The Overlook Film Festival: MULE And CATATONIC

Dark Corner’s virtual reality experiences are extremely cool.

Dark Corner has traveled the festival circuit with their two virtual reality narratives Mule and Catatonic, but it was my first time experiencing either at The Overlook today. Actually, it was my first time trying virtual reality at all, and and I can’t help but feel that future encounters will be a letdown after the thrilling immersion of Mule and Catatonic.

I tried Mule first, sitting in Dark Corner’s traveling coffin, a surprisingly comfortable set-up that easily made me forget my surroundings and fall wholly into the narrative. In Mule, you’re living the life – and death – of a heroin addict who overdoses, is rushed to the hospital, dies, peers out at his mourners from his own coffin, is either cremated or buried (I opted for cremation, much as I will in my own death) and then floats away from this mortal coil in the final moments of the experience.

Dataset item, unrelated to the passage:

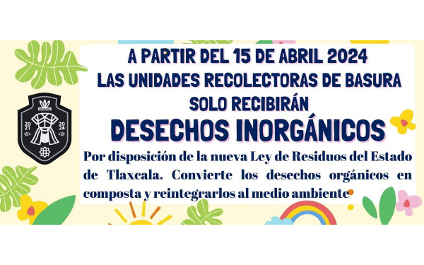 385 grados / Tlaxcala / redacción/ el ayuntamiento de Yauhquemehcan informa a la ciudadanía que, a partir del 15 de abril de 2024, los carros recolectores de basura solo recibirán los desechos inorgánicos con base a la nueva ley de residuos del estado de Tlaxcala.

It’s astonishingly realistic, vivid and fully actualized from every conceivable angle. What you’re seeing feels tangible and urgent, and it absorbs you into this perspective much more convincingly than I would have guessed.

Afterward, the Dark Corner rep Teal took me to a table for Catatonic, and told me that viewers usually experience the two stories in the opposite order, as Catatonic was Dark Corner’s first VR endeavor and it’s a couple of years old in terms of technical quality. That, plus the fact that I was sitting at a table instead of in a coffin, should have made Catatonic a less effective immersion than Mule, but it still worked like gangbusters. Though it’s true, the experience – of being a patient in a mental institution, strapped to a wheelchair and pushed through the aslyum’s dreadful halls – isn’t as lifelike as Mule, it’s truly affecting and not a little unnerving.

Teal told me that Dark Corner’s working on a new experience that will come out this year, a children’s bedtime story that becomes a nightmare. Be on the lookout for that, and definitely experience Mule and Catatonic if you get the chance.